* [Activity]
Give back the whole listing exactly as written, leaving out each picture.

* [Input data]
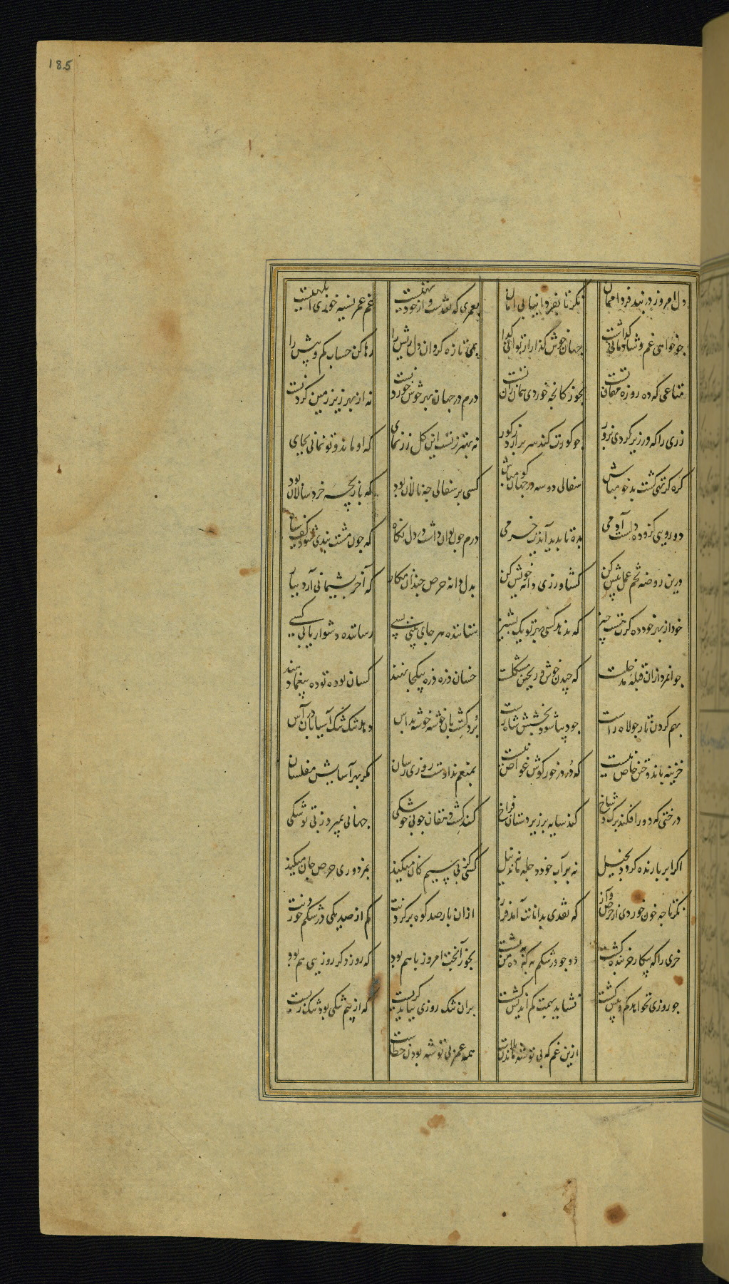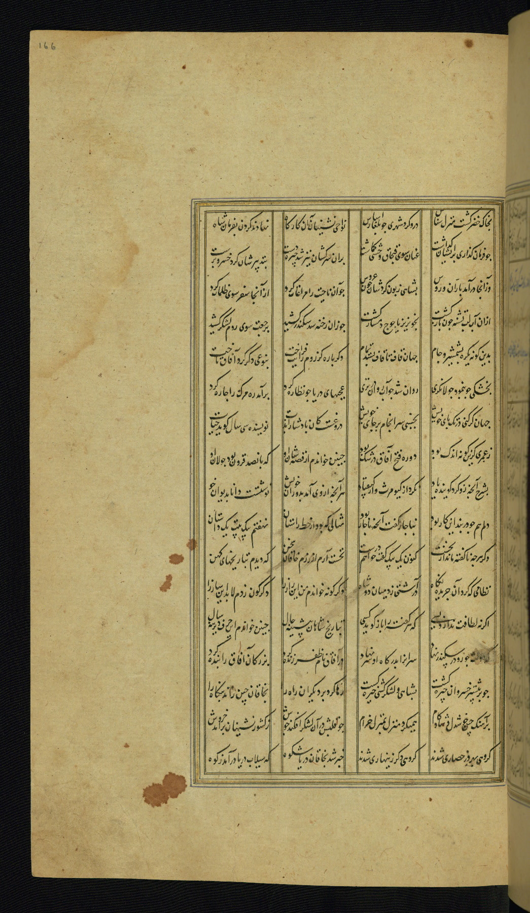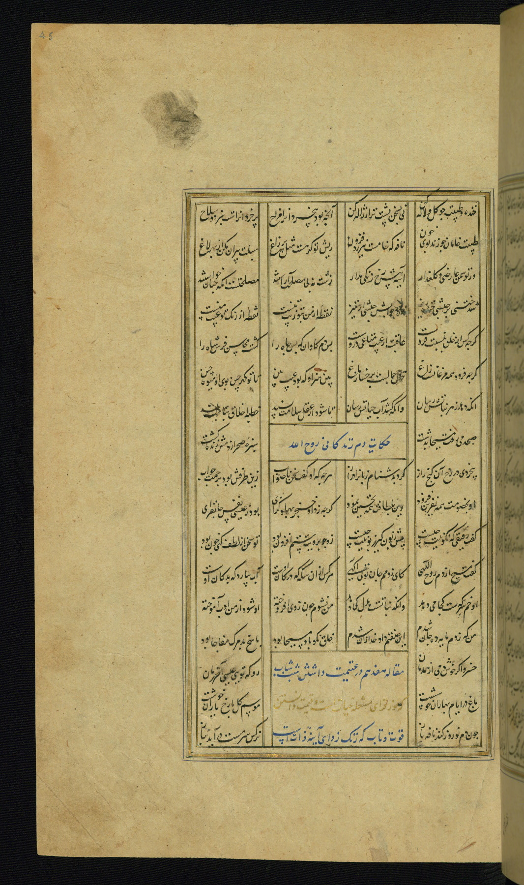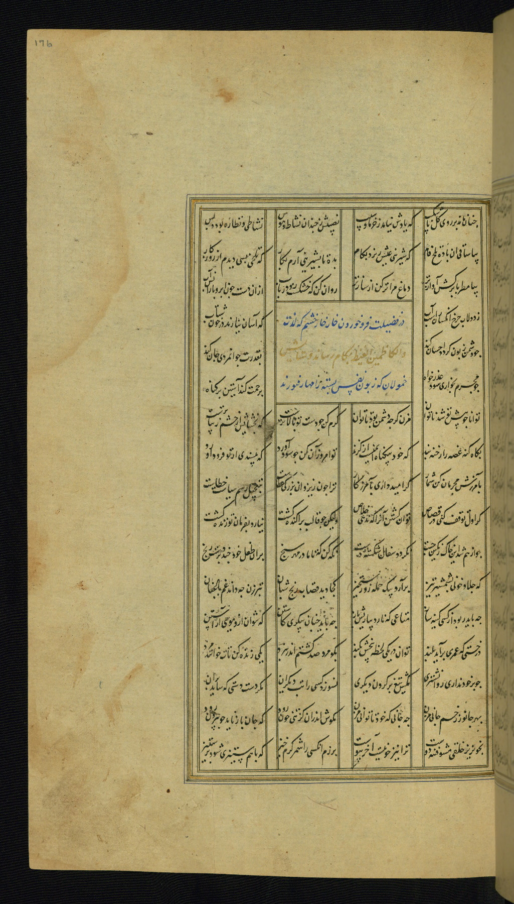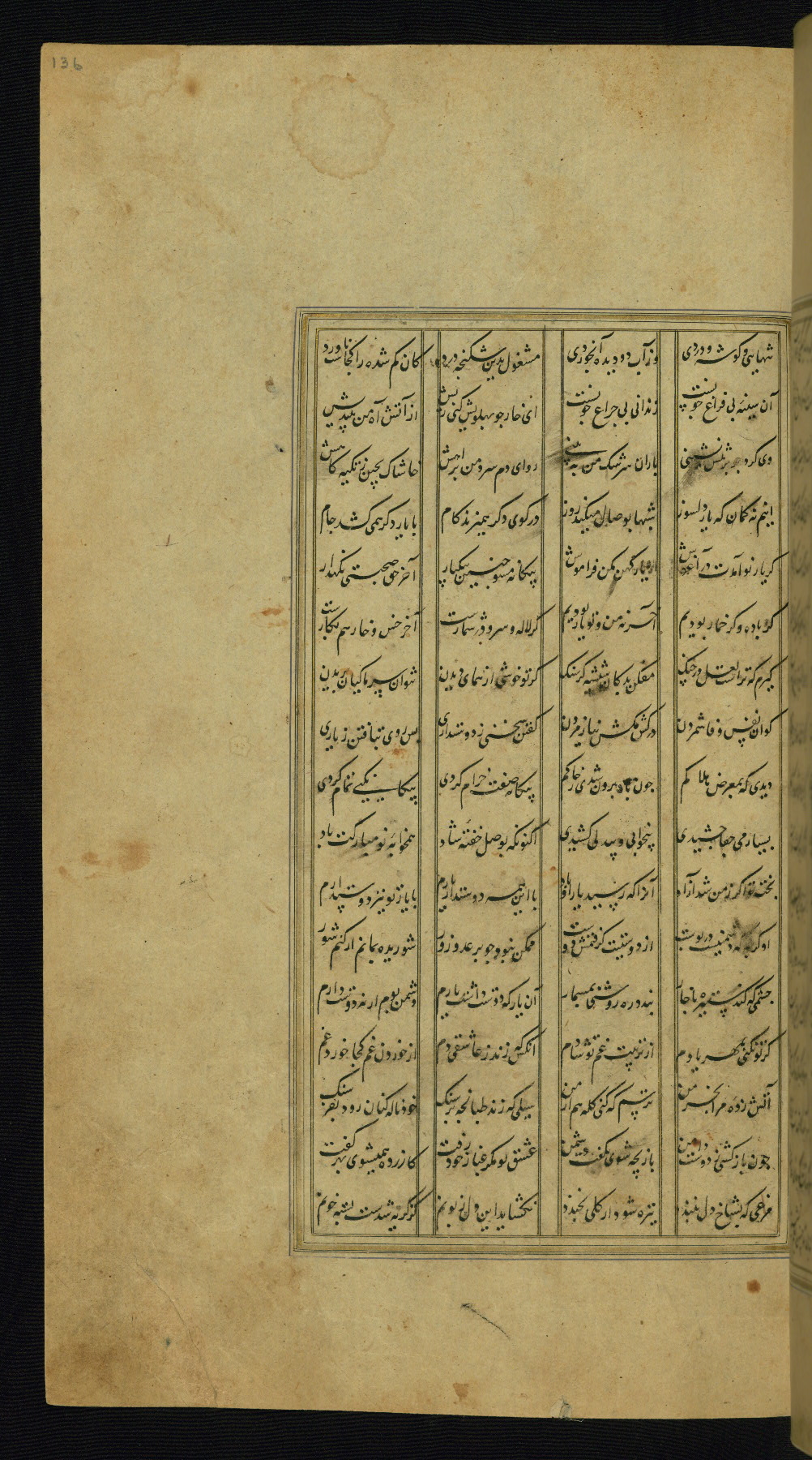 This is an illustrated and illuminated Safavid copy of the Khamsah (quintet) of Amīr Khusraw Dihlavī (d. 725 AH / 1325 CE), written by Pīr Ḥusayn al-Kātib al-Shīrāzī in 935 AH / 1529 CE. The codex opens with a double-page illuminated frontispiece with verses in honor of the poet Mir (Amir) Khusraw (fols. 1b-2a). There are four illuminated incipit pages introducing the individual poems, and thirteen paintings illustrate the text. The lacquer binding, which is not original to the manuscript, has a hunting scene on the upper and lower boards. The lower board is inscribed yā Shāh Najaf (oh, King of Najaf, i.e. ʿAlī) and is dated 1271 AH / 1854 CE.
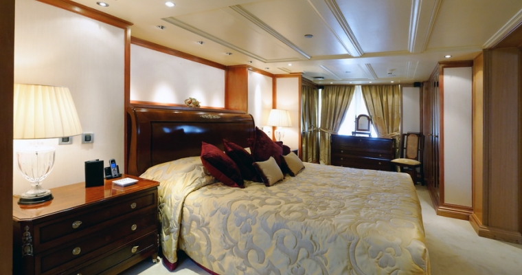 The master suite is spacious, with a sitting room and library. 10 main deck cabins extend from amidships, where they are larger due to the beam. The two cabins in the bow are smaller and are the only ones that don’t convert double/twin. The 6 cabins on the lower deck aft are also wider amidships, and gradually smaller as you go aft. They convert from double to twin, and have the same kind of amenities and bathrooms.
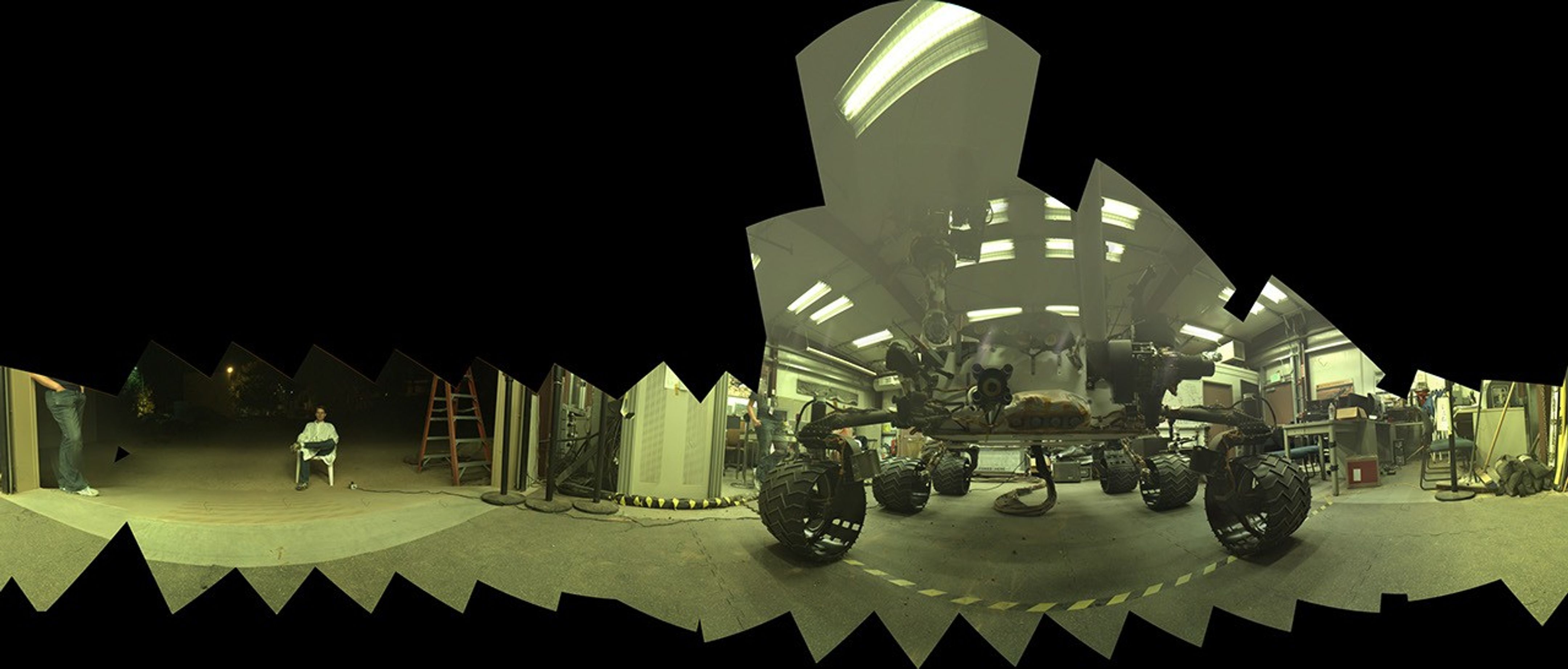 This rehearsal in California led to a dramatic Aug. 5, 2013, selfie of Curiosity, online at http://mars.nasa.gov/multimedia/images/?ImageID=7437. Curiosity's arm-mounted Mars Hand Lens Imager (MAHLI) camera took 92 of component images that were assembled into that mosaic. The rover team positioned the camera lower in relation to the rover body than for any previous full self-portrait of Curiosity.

* [Answer box]
 This is an illustrated and illuminated Safavid copy of the Khamsah (quintet) of Amīr Khusraw Dihlavī (d. 725 AH / 1325 CE), written by Pīr Ḥusayn al-Kātib al-Shīrāzī in 935 AH / 1529 CE. The codex opens with a double-page illuminated frontispiece with verses in honor of the poet Mir (Amir) Khusraw (fols. 1b-2a). There are four illuminated incipit pages introducing the individual poems, and thirteen paintings illustrate the text. The lacquer binding, which is not original to the manuscript, has a hunting scene on the upper and lower boards. The lower board is inscribed yā Shāh Najaf (oh, King of Najaf, i.e. ʿAlī) and is dated 1271 AH / 1854 CE.
 The master suite is spacious, with a sitting room and library. 10 main deck cabins extend from amidships, where they are larger due to the beam. The two cabins in the bow are smaller and are the only ones that don’t convert double/twin. The 6 cabins on the lower deck aft are also wider amidships, and gradually smaller as you go aft. They convert from double to twin, and have the same kind of amenities and bathrooms.
 This rehearsal in California led to a dramatic Aug. 5, 2013, selfie of Curiosity, online at http://mars.nasa.gov/multimedia/images/?ImageID=7437. Curiosity's arm-mounted Mars Hand Lens Imager (MAHLI) camera took 92 of component images that were assembled into that mosaic. The rover team positioned the camera lower in relation to the rover body than for any previous full self-portrait of Curiosity.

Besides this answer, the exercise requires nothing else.